# Activity
The expected output is an exact copy of the lines from the one containing "blinding concrete view,wall,wall" to the final line below, minus any pictures.

# Exercise data
---
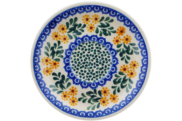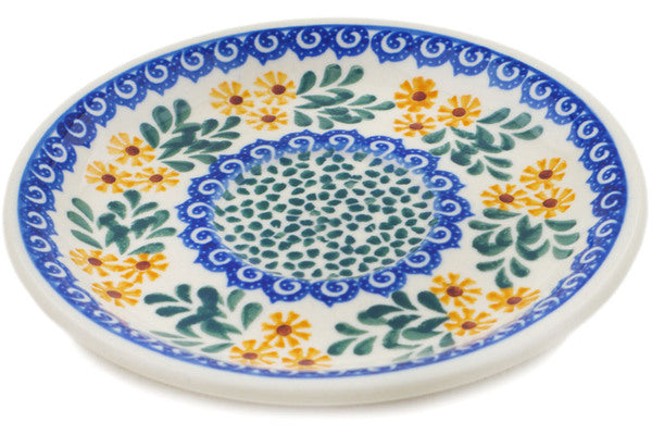 This Summer Day 6" Saucer was handmade and hand decorated in Boleslawiec, Poland by skilled artisans according to old traditional methods. This Polish stoneware is microwave, dishwasher, freezer, and oven safe up to 480°F. It does not contain lead or cadmium. It is part of the Summer Day Collection.
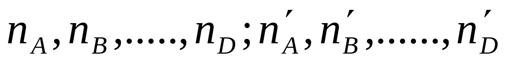 Для стану хімічної рівноваги, коли швидкість реакції по реагенту D рівна нулю (WD=0), рівняння (6.11) матиме вид:
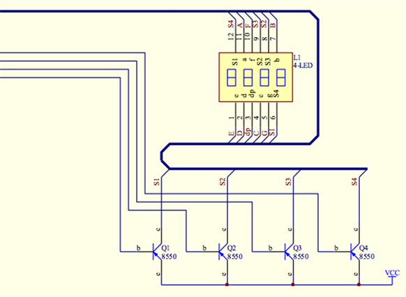 The common anode seven-segment LED will be used in this circuit and controlled by the MCU. The PNP transistor drive the LEDs, (8550 is used in this design). The drive capability of the I/O port is very small and P0 should be pull-up by the external resistor to increase drive capacity. There is one thing should be noticed, when the voltage level is low, it possibly burn microcontroller due to the current flows into the I/O is too large. So the pull-up resistor is generally 600 Ω to 1000 Ω. The experiments show that the digital tube is bright by using this range of value. Its schematic diagram is shown in Figure 7.
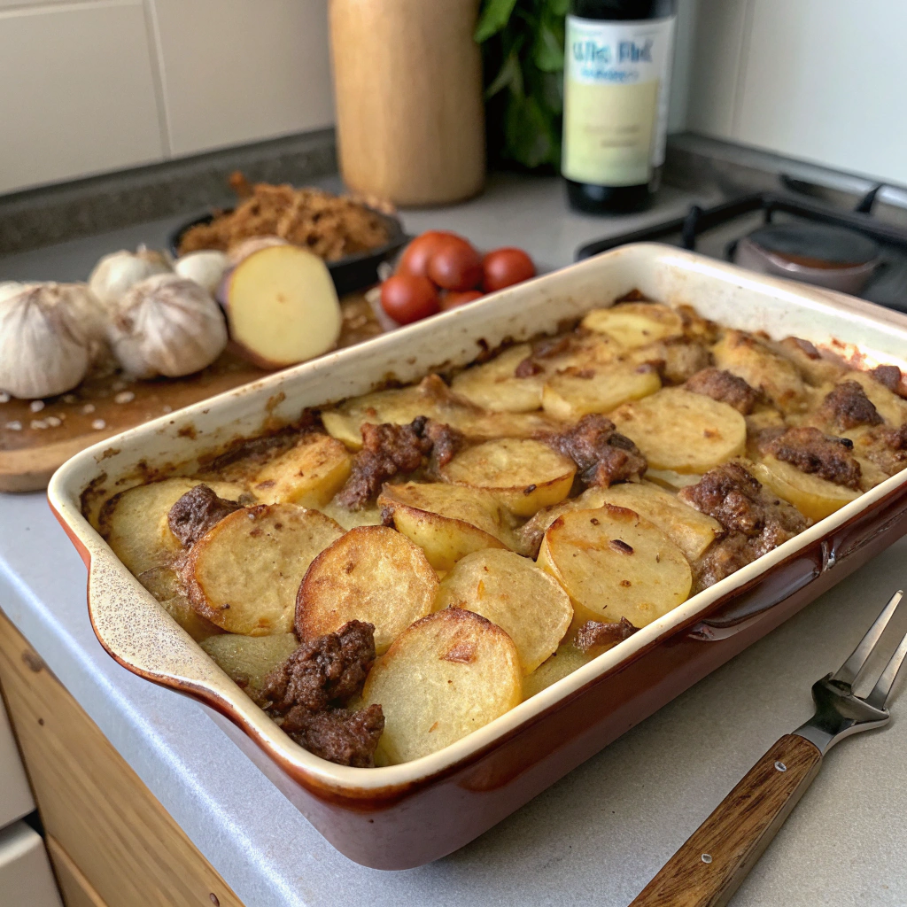 This meat and potato casserole is classic, cozy comfort food straight from grandma’s kitchen. Thinly sliced potatoes are layered with seasoned ground beef, onions, and a rich, creamy sauce, then topped with melted cheese. It’s kid-friendly, filling, and always a hit with adults too. Everything bakes together in one pan, making it perfect for busy weeknights when you want something hearty without a lot of fuss. Pair it with a simple salad or steamed veggies and you’ve got a full, satisfying family dinner.
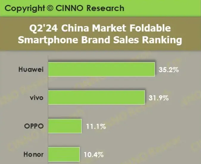 儘管OPPO很快對此予以否認,並表示OPPO對摺疊屏技術的開發沒有任何改變。但新品的遲遲未見已經對市場份額產生了影響,8月21日,市調機構CINNOResearch公佈了2024年Q2中國摺疊屏銷量榜,總銷量為262萬台,同比增長達到了125%。華為的銷量約為92.2萬台,市場份額為35.2%;vivo的銷量為83.6萬台,市場份額為31.9%;OPPO的銷量僅為29.1萬台,市場份額為11.1%,並且與排在第四位的榮耀僅相差0.7%的市場份額。
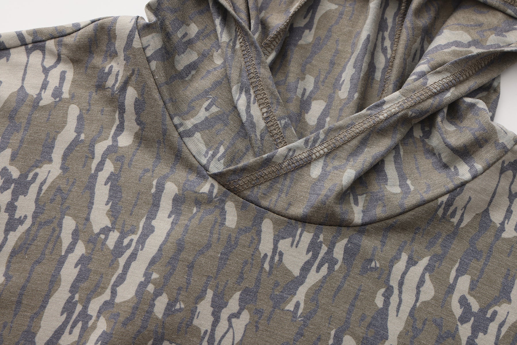 The pattern runs vertical bark and broken shadows that blend into trunks and dark hardwoods, from flooded timber and creek bottoms to big-woods ridges. It’s the piece you grab for wading into the timber at first light or leaning against a tree for one more sit when the birds or bucks should have already moved.
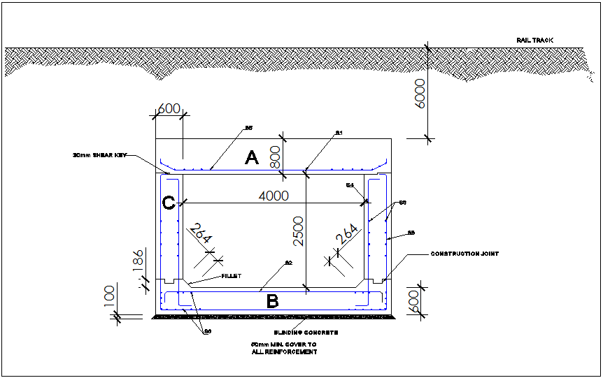 blinding concrete view,wall,wall support with fillet and rail track view with necessary dimension and detail.
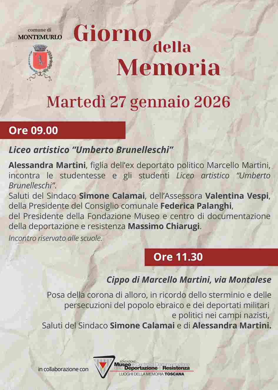 Per le visite è necessario prenotarsi entro il 26/01: al numero 0574 461655 – m.mosele@museodelladeportazione.it
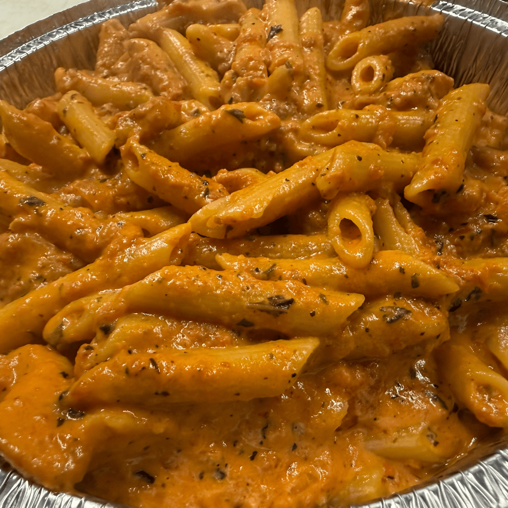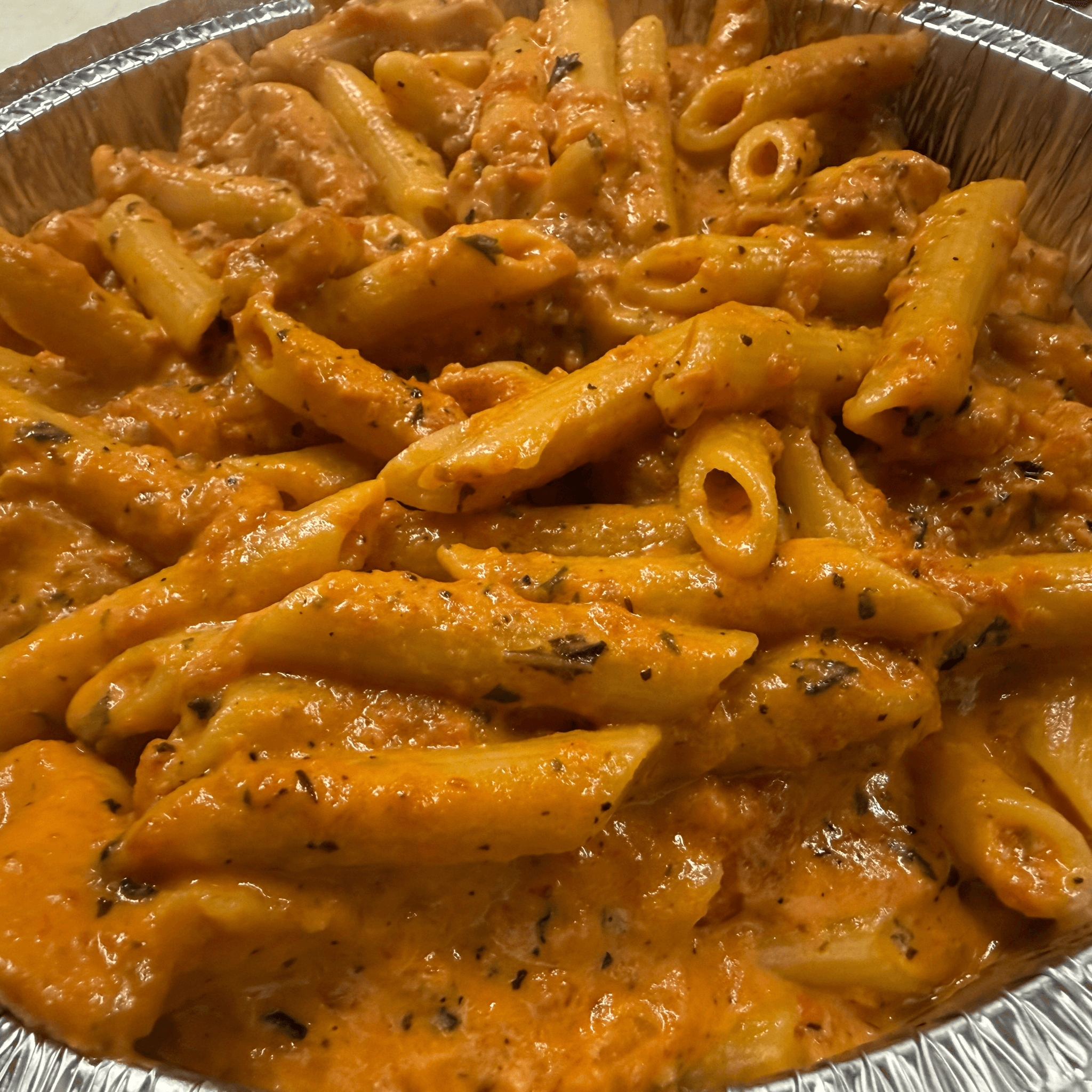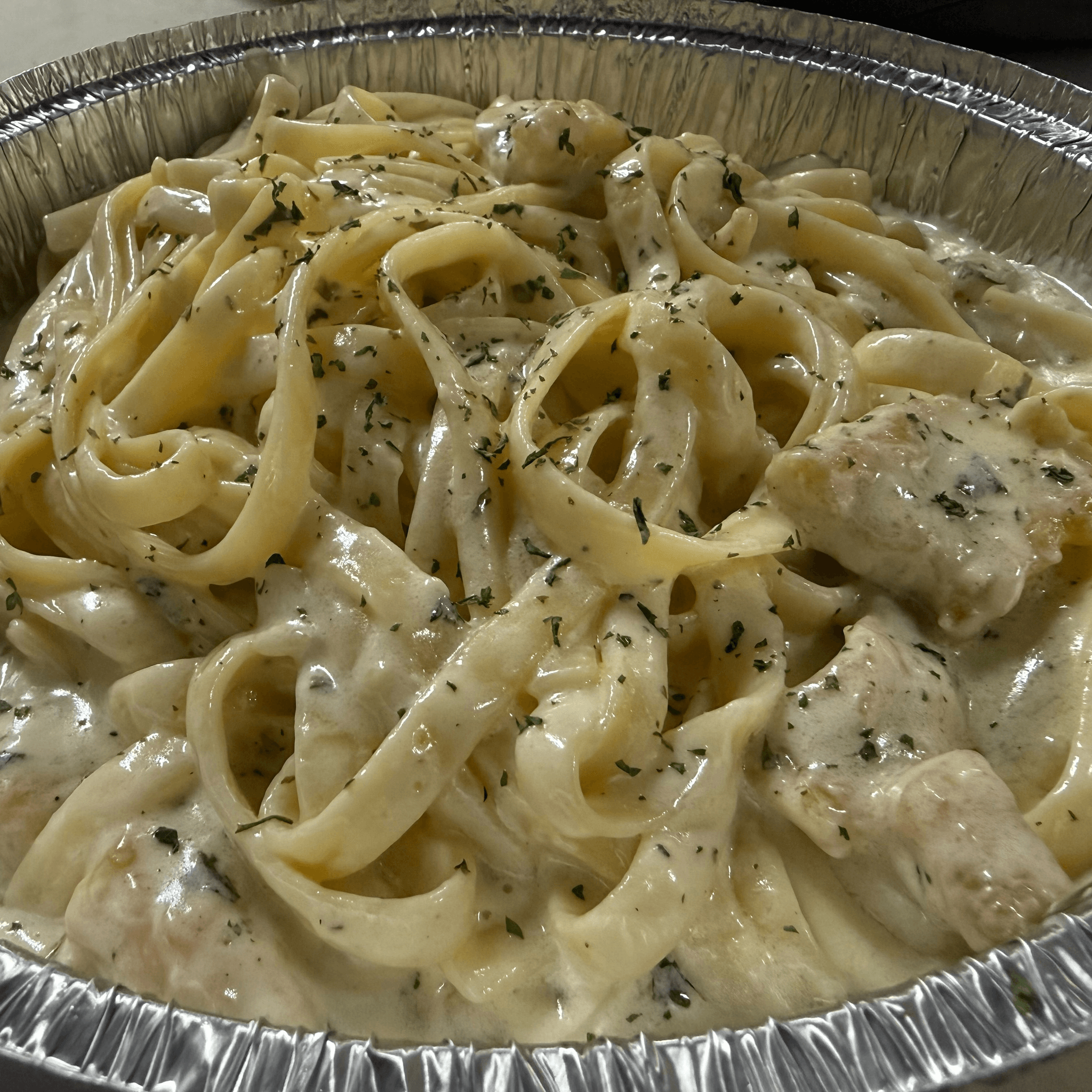 Fettuccine, chicken, and mushrooms baked with alfredo and melted mozzarella.
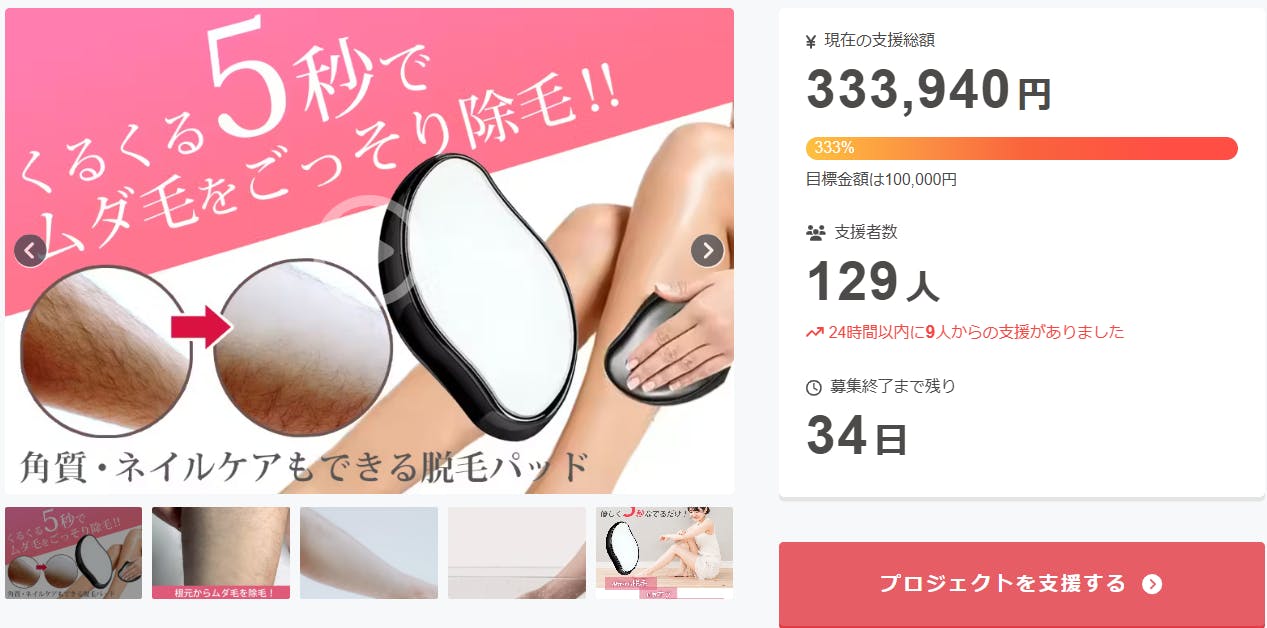 この度は「男性の濃いムダ毛の処理や角質除去もできる!優しくなでるだけで脱毛できる脱毛パッド」に支援 頂き誠にありがとうございます!
---
# Task answer
 blinding concrete view,wall,wall support with fillet and rail track view with necessary dimension and detail.
 Per le visite è necessario prenotarsi entro il 26/01: al numero 0574 461655 – m.mosele@museodelladeportazione.it
 Fettuccine, chicken, and mushrooms baked with alfredo and melted mozzarella.
 この度は「男性の濃いムダ毛の処理や角質除去もできる!優しくなでるだけで脱毛できる脱毛パッド」に支援 頂き誠にありがとうございます!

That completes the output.